13
Jan
Lunch with Master Sushi Chef Shigeo Mori
Topic: Japan 2007
A few days after we arrived, we had lunch with Master Sushi Chef Shigeo Mori at his restaurant in Taito-ku. He’s the Chairman of the All Japan Sushi Association. Our inside connection was Masako Hamada, who works with Maria at Villanova - at her invitation he gave a presentation at Villanova (PDF) last spring. He also regularly gives presentations at US Cherry Blossom festivals. Masako is currently in Tokyo as well, so she brought us to his restaurant.
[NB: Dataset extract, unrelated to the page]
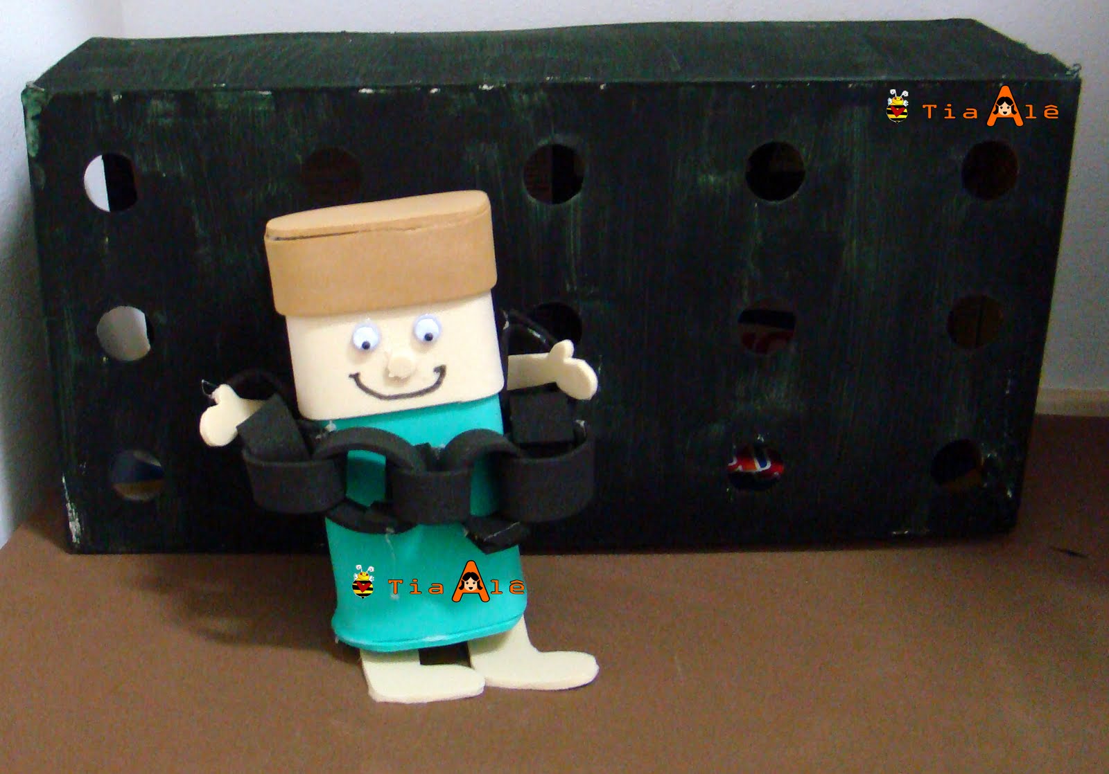 A prisão eu fiz com a caixa de um doce que já veio furada, e eu pintei de preto. Eu fiz uma abertura atrás para Pedro entrar.

It probably won’t come as a surprise to hear me say it was some of the best sushi I’ve ever had. He also gave us a lesson on the proper technique for eating sushi. You’re supposed to turn the sushi on its side with your chopsticks, leaving it still on the geta (the wooden serving tray - this is also the word for the old style Japanese clogs, as the serving tray looks like the clogs). Then you dip just a corner in the soy sauce - mostly just the fish side but a little of the rice as well.
He told us some stories after lunch, but it was all in Japanese so I couldn’t follow most of it. Maria passed along that he was trained to be a kamikaze pilot in WWII, but a B-29 bombed his plane on the airfield, so (luckily for him), he never got off the ground.
I Googled him and found an interesting article describing one of his talks (PDF). Here’s a portion of it:
Mr. Mori also addressed the “sushi crisis” that came after General MacArthur’s ban. “Sushi masters went to the Tokyo Metropolitan Government and in 1947, a new regulation was put into effect,” he said. Customers were to bring single cups of rice to be cooked on the spot, and what could be more fresh and sanitary than just-cooked rice? From that came today’s tradition of ordering ten pieces of sushi - just the amount that one cup of rice can make.
Mr. Mori ended his talk by saying how pleased he is that Americans have taken to sushi with such fervor. “I will be forever grateful,” he said, laughing, “for the invention of the California roll.”